Kinderarmut: Auch kleine Schritte können helfen
26 Mai, 2008
Jetzt ist es wirklich nicht mehr zu übersehen: In Deutschland leben viele Kinder in Armut. Das ist das Ergebnis des gerade vorgestellten Unicef-Reports über „Lebenschancen von Kindern in Deutschland“. Kurzes Fazit: Die Armut von Kindern wächst. Besonders diejenigen, die mit nur einem Elternteil aufwachsen sind deutlich benachteiligt. Wie auch ein vergleichsweise kleiner Verein der wachsenden Kinderarmut etwas entgegensetzen kann, zeigt ein Beispiel aus Elmshorn.Der multikulturell geprägte Stadtteil Hainholz hatte keinen guten Ruf. Vernachlässigte Hochhäuser, viele Menschen auf kleinem Raum, hoher Anteil von Menschen mit Migrationshintergrund. Nach langem Kampf hatte es die Stadt geschafft, den Bereich Hainholz in das Projekt „Soziale Stadt“ zu bringen. Seither werden Häuser saniert, das Umfeld gemeinsam mit den Bewohnern verschönert. Viele Einzelprojekte werden unter Regie eines Stadtteilmanagers zur sozialen Integration zusammengefasst.

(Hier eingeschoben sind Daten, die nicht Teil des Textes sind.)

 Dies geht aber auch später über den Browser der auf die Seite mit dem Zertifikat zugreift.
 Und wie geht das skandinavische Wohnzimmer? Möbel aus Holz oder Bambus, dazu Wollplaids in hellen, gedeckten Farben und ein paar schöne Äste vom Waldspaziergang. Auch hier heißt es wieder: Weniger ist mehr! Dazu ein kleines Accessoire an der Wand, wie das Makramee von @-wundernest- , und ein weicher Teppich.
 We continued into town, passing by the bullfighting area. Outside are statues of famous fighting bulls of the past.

Neuestes Projekt: Die Eröffnung der ersten Kleiderkammer im Kreis Pinneberg speziell für Kinder. Sie ist nach dem Angebot des Sozialdienstes katholischer Frauen in Kiel das zweite annähernd vergleichbare Angebot in Schleswig-Holstein. Die Idee stammt vom Verein „Holsteiner helfen Holsteinern“.
In Zusammenarbeit mit dem Rathaus und dem Stadtteilbüro, sowie der Förderung durch das Projekt „Lokales Kapital für soziale Zwecke“ wurde die Idee umgesetzt. Vorsitzende Elke Franke hat in nur fünf Monaten einen Raum ausgestattet, Fördergelder beantragt, Mitarbeiter für das Projekt gefunden und viele Spenden abgeholt, sortiert, gewaschen und gebügelt.
Bürgermeisterin Dr. Brigitte Fronzek (von links), Vorsitzende Elke Franke, SPD-Landtagsabgeordnete Siegrid Tenor-Alschausky und der stellvertretende Vorsitzende Claus-Dieter Weiß eröffneten die Kleiderkammer für Kinder in Elmshorn.
Vom Baby- bis zum Teenageralter sind dort Kinderkleider, Schuhe, Spielsachen und sogar Brillen kostenlos zu erhalten. In Zukunft wird auch Kleidung für Schwangere zum Angebot gehören. Darüber hinaus sollen Kinder und Erwachsene in Nähkursen erfahren, dass auch schon mal eine Naht geflickt, ein Knopf angenäht, ein Reißverschluss ersetzt oder gar ganze Kleidungsstücke selbst angefertigt werden können.
„Wir wollen hier auch ein Stück Heimat schaffen“, sagte der stellvertretende Vorsitzende Claus-Dieter Weiß während der Eröffnung. Wer das Angebot nutzen möchte, muss den Nachweis der Bedürftigkeit erbringen. Alle notwendigen Angaben werden streng vertraulich behandelt. Dann wird ein Ausweis mit Lichtbild erstellt, der bei künftigen Besuchen nur noch vorgezeigt werden muss.
„Ich bin froh und dankbar, dass es Menschen gibt, die sich ehrenamtlich für schwächere Mitbürger einsetzen. Aber ich bin auch bestürzt darüber, dass in unserer Gesellschaft ein solches Angebot notwendig ist“, sagte SPD-Landtagsabgeordnete Siegrid Tenor-Alschausky während der Eröffnung.